Wednesday, August 03, 2005

Embarrassing Condescension

Its reputation in tatters over the Jayson Blair scandal and combating a widespread perception of being out of touch, in May the liberal New York Times presented editors with recommendations from an internal committee on how to restore its credibility among readers. Among the recommendations for the “newspaper of record” was this one: “Increase coverage of middle America, rural areas and religion.”

Times columnist Nicholas D. Kristof didn’t need the advice. He’s been following evangelicals for years, at one point dubbing us the “new internationalists,” in recognition of the powerful Christian focus on global human rights and religious liberty over the last decade.

But something tells me Kristof’s recognition of our achievements in these areas of mutual concern is less than enthusiastic—kind of like finding out that you and David Duke share a favorite hobby. It may be a fact, but you hope no one finds out about it.

Kristof writes in his July 24 column, for example, “[T]hese days liberals should be embarrassed that it’s the Christian Right that is taking the lead in spotlighting repression in North Korea.” Two days later, Kristof wrote, “Time magazine gets credit for putting Darfur on its cover—but the newsweeklies should be embarrassed that better magazine coverage of Darfur has often been in Christianity Today.” (Disclosure: As an editor at CT, I’ve played a small role in coordinating some of that embarrassing coverage.)

Do you detect a pattern here? Acknowledging that theologically conservative Christians have been pivotal in fighting and spotlighting human rights abuses worldwide, Kristof nevertheless expresses an unconscious elitism. Being beaten by a presumed equal is no shame. But losing to an inferior is necessarily an embarrassment.

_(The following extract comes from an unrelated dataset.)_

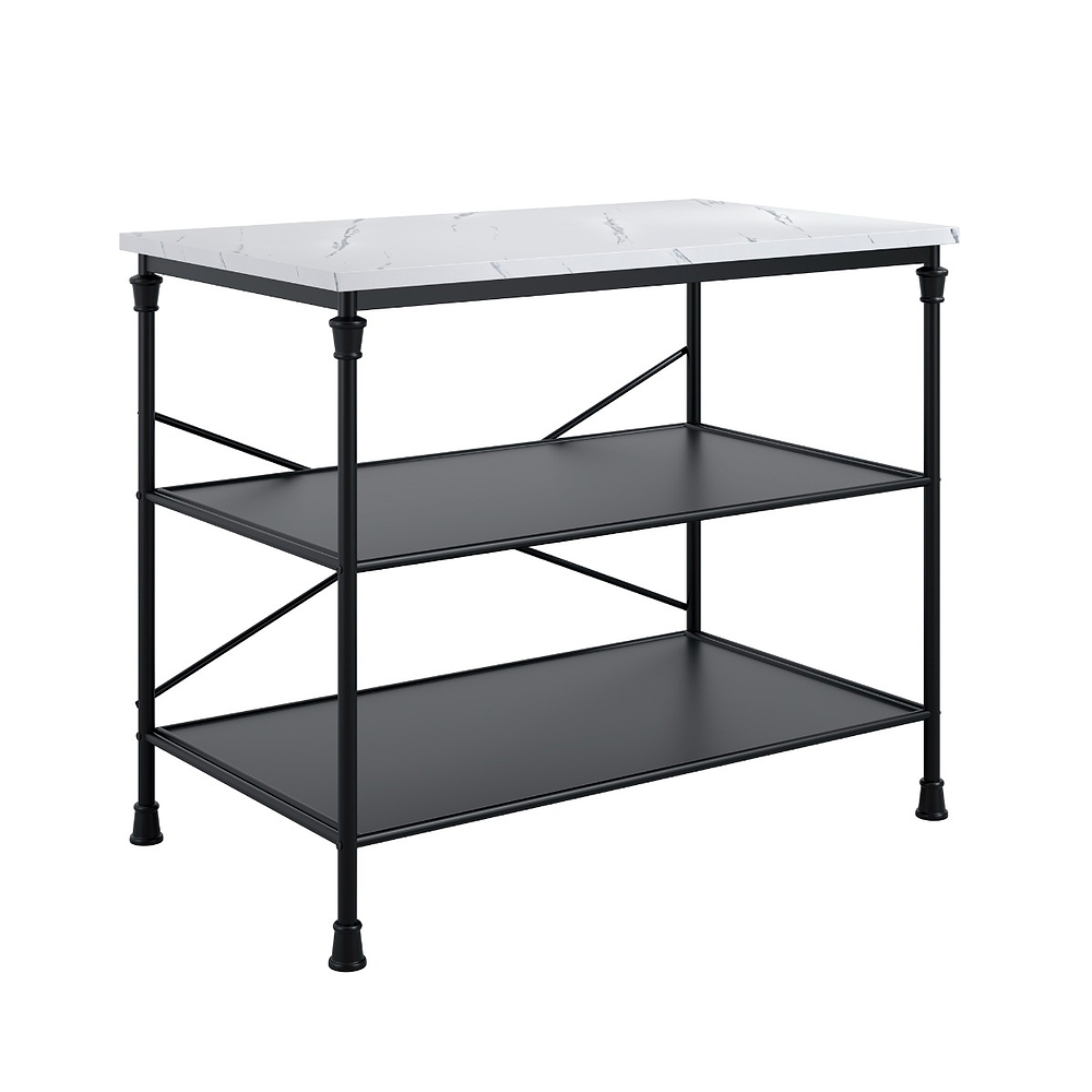 This kitchen island offers two spacious lower shelves, providing ample storage space for kitchen essentials, utensils, or decorative items. The sturdy black metal frame ensures durability, while the open shelving design enhances accessibility and functionality.

Kristof seems shocked, shocked, that evangelicals don’t fit the standard liberal stereotype. He shouldn’t be. Our engagement on issues of wide social and global significance has a significant pedigree. Kristof needs to do some more reading.

William Wilberforce, an evangelical parliamentarian, was instrumental in abolishing the British slave trade. The English preacher John Wesley did more to socially uplift the poor than any government program could ever dream of.

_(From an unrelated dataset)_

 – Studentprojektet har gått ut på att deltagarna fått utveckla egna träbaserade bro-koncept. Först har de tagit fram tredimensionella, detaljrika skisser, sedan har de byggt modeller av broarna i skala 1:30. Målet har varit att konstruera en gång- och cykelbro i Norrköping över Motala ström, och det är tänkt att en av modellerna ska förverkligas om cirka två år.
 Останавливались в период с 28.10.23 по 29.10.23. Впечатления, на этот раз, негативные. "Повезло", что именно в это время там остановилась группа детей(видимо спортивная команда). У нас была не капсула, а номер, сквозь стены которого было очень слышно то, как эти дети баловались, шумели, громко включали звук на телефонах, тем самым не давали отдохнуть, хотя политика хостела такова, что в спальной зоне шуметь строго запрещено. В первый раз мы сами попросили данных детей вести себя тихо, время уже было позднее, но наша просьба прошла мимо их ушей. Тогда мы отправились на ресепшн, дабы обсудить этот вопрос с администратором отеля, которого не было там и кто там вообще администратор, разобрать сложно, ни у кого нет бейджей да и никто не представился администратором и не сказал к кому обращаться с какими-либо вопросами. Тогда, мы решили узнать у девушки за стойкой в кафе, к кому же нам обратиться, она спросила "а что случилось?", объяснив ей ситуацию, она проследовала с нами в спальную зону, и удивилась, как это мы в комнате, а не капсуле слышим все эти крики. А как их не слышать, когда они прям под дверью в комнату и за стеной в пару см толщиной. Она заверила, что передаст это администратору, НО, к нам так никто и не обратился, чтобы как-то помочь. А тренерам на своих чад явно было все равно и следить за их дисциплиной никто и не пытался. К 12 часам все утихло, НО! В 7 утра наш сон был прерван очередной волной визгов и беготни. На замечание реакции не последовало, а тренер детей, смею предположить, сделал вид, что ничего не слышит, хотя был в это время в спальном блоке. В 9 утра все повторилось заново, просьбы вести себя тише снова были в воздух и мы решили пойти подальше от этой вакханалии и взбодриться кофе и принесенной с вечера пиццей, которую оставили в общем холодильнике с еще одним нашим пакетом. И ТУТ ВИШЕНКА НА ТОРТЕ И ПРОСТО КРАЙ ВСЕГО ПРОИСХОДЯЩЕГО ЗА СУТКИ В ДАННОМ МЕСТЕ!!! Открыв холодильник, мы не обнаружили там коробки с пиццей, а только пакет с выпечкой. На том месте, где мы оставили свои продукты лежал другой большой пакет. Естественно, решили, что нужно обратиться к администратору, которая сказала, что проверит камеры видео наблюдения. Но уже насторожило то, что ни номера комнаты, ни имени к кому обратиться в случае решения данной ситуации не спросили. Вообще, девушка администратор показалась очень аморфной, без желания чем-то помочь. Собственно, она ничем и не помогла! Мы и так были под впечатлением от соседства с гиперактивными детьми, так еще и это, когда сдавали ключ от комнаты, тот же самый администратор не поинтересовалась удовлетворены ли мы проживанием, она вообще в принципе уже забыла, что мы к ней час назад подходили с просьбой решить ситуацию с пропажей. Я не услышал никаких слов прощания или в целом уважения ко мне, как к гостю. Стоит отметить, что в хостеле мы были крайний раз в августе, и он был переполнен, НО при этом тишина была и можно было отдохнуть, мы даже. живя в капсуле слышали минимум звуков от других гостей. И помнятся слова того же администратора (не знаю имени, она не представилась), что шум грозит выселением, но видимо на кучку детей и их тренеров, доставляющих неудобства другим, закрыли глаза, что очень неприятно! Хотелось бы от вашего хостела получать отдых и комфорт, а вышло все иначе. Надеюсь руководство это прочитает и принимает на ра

In the United States, Bible-believing Christians played prominent roles in the abolition movement. Despite the ingrained racism of many Christians, others marched alongside Rev. Martin Luther King Jr. for civil rights.

In more recent decades, evangelicals have spoken up for Jews in the Soviet Union, fought sexual trafficking, supported legislation against prison rape, pushed for an end to civil war in Sudan, worked tirelessly to provide pregnant women with practical options to abortion (which even Hillary Clinton now says is a “tragic choice”), and helped bring down the national abortion rate. According to Ram Cnaan of the University of Pennsylvania, the value of social services provided by the average North American church annually is $184,000.

Overseas, Christians in India are seeking to end social and legal barriers that have crushed the nation’s despised Untouchables for centuries. Christians, after a slow start, are playing a vital role in slowing the spread of AIDS in Africa. While not all evangelicals agree on the particulars, we are now even speaking up about diverse issues such as poverty and global warming.

Last year, prominent human rights leader Michael Horowitz, who is a Jew, unabashedly told me that evangelicals played “the central role” in passage of the North Korea Human Rights Act of 2004, saying, “It was the evangelical passion in the Wilberforce spirit that was the powerful animating force, the energizing force, around this issue.”

If advocates such as Horowitz aren’t embarrassed by our involvement, why should Kristof be?